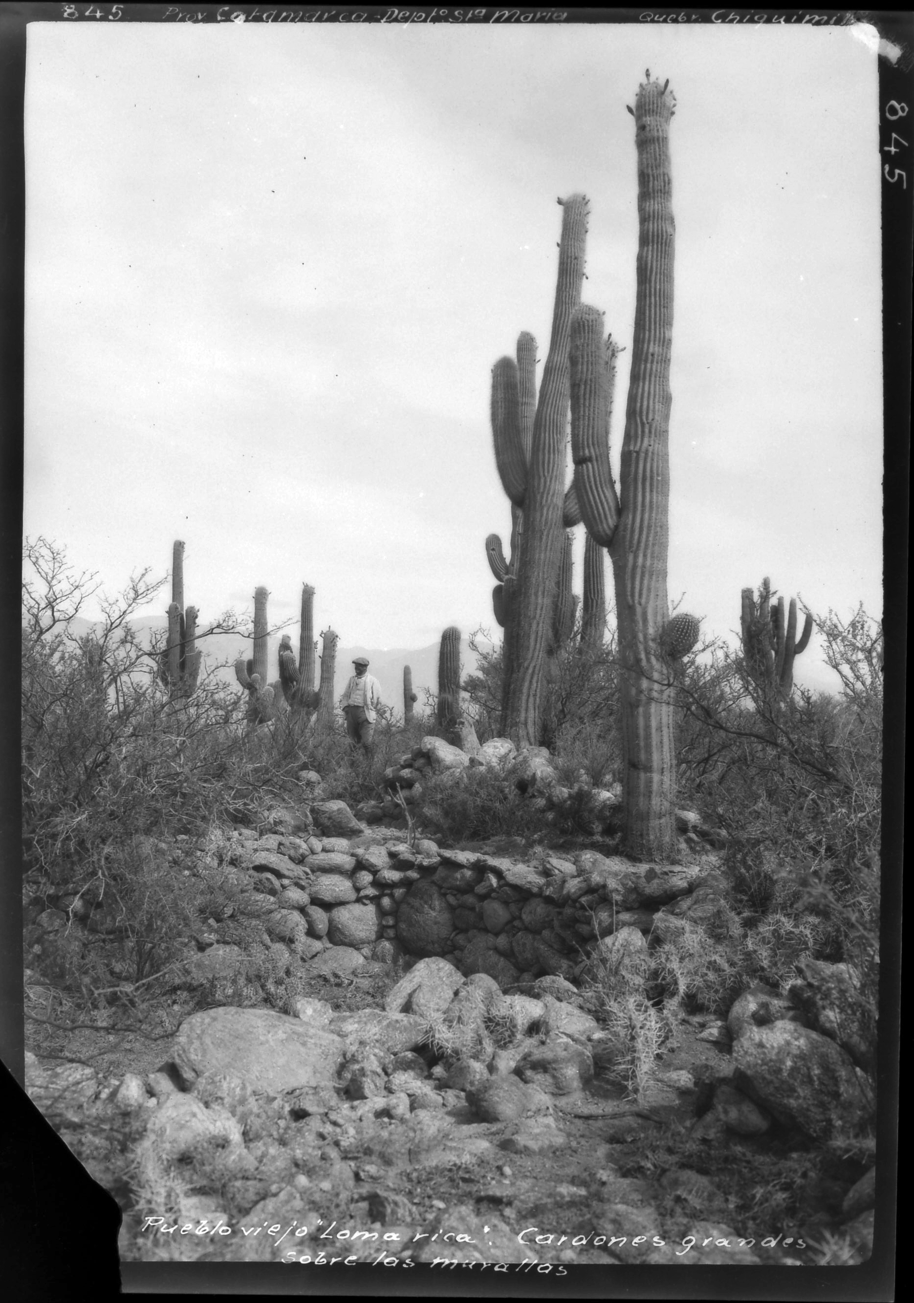 MLP-Ar-BMB-F845 / Pueblo viejo "Loma Rica": cardones grandes sobre las murallas / Benjamín Muniz Barreto
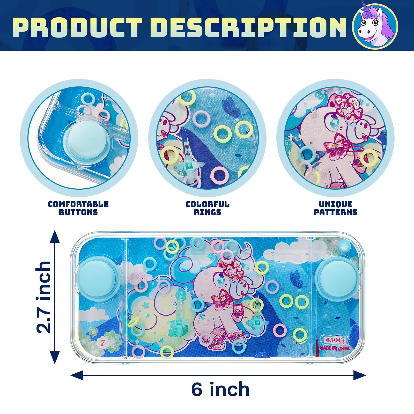 - Q: Are the colors of the water ring toys fixed or random? A: The colors of the handheld water games are unfixed and random, offering a surprise element with each purchase. You will receive a mix of different colors in your package.
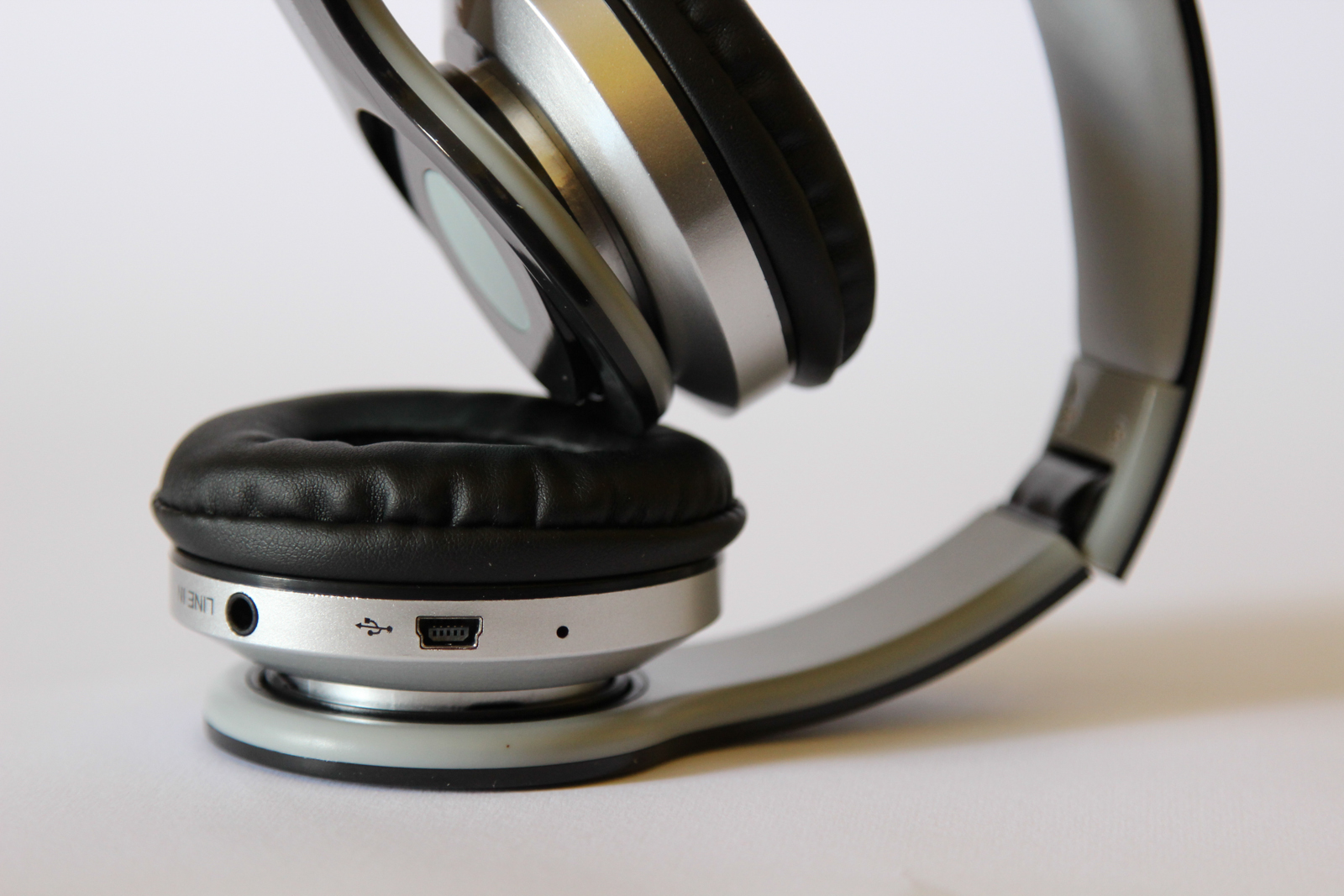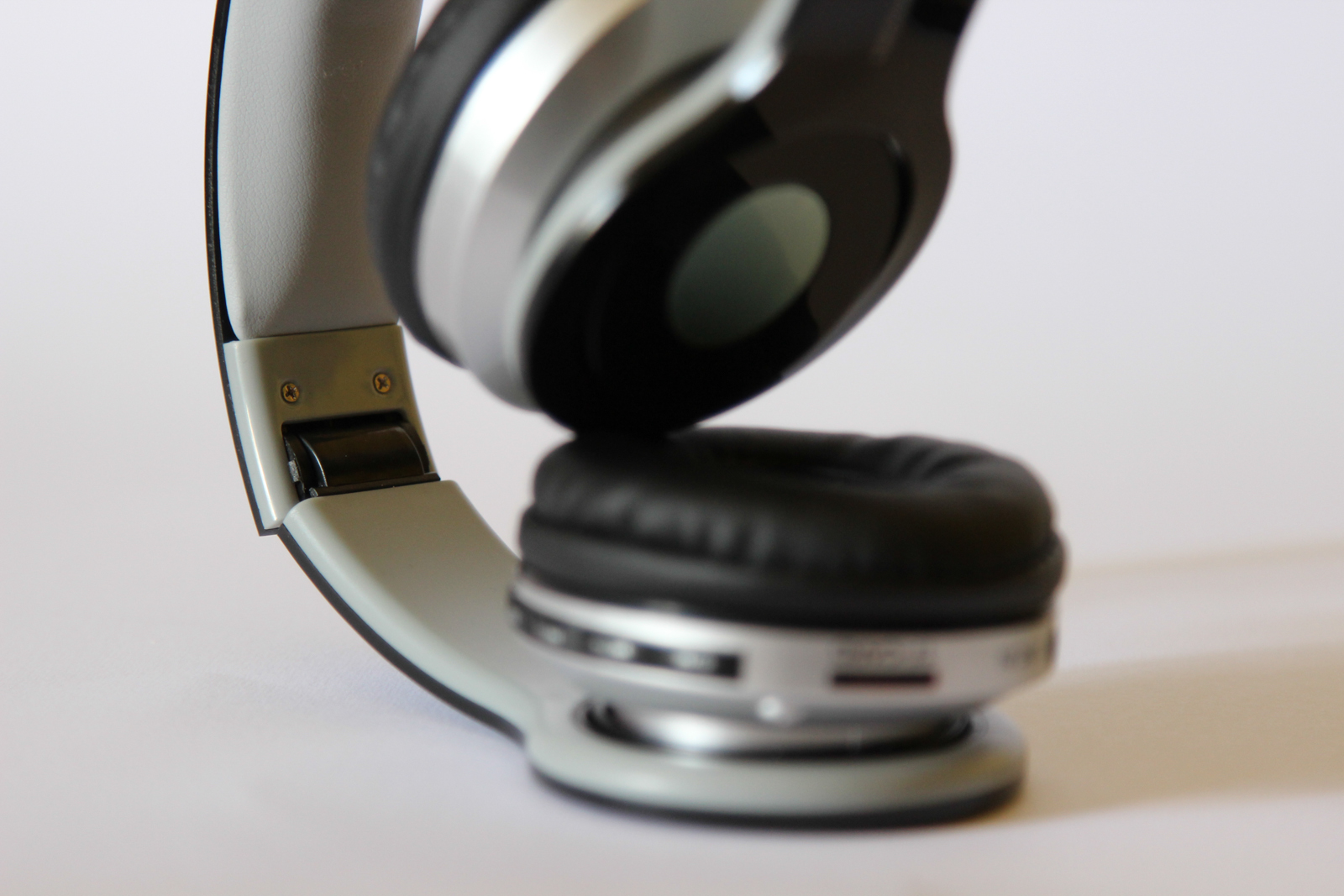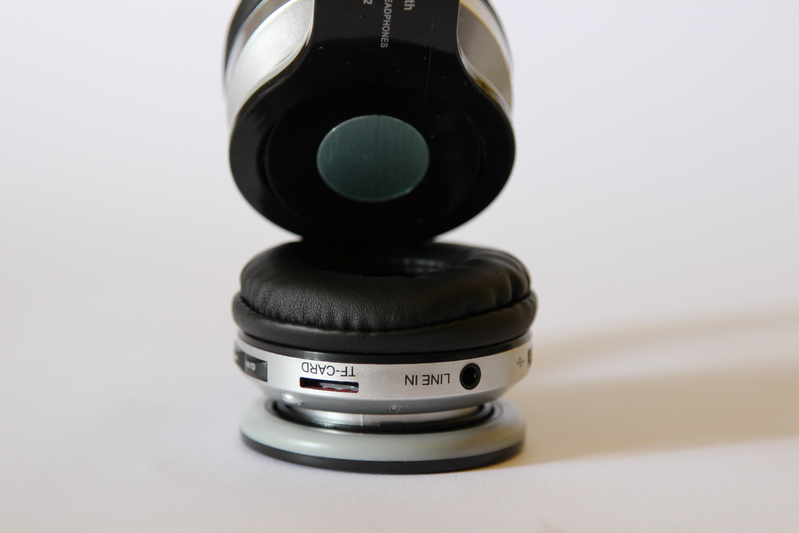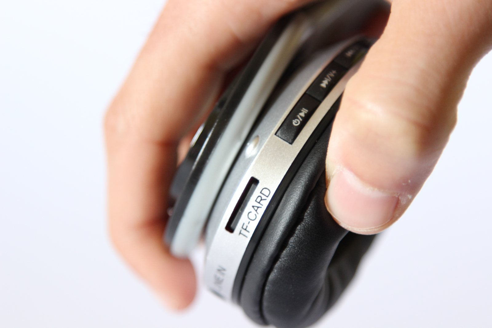 I padiglioni veri e propri sono anch’essi rivestiti in ecopelle e caratterizzati da una imbottitura, onde evitare di stressare l’orecchio, mentre all’interno ciascun amplificatore è protetto soltanto da un sottilissimo strato di stoffa traforata. Tutti i controlli sono situati sul padiglione destro, dove troviamo gli ingressi miniUSB e jack, insieme al microfono, allo slot microSD ed ai tasti ON/OFF, FWD/Vol+, BWD/Vol-, EQ/FM e quello per rispondere alle telefonate in entrata o ripetere l’ultima chiamata effettuata. Ogni padiglione è caratterizzato da un sistema che lo rende mobile sia verticalmente che orizzontalmente.

__Task objective__.
Every line above is to be duplicated exactly; no picture should be carried over.

__The answer__.
 MLP-Ar-BMB-F845 / Pueblo viejo "Loma Rica": cardones grandes sobre las murallas / Benjamín Muniz Barreto
 - Q: Are the colors of the water ring toys fixed or random? A: The colors of the handheld water games are unfixed and random, offering a surprise element with each purchase. You will receive a mix of different colors in your package.
 I padiglioni veri e propri sono anch’essi rivestiti in ecopelle e caratterizzati da una imbottitura, onde evitare di stressare l’orecchio, mentre all’interno ciascun amplificatore è protetto soltanto da un sottilissimo strato di stoffa traforata. Tutti i controlli sono situati sul padiglione destro, dove troviamo gli ingressi miniUSB e jack, insieme al microfono, allo slot microSD ed ai tasti ON/OFF, FWD/Vol+, BWD/Vol-, EQ/FM e quello per rispondere alle telefonate in entrata o ripetere l’ultima chiamata effettuata. Ogni padiglione è caratterizzato da un sistema che lo rende mobile sia verticalmente che orizzontalmente.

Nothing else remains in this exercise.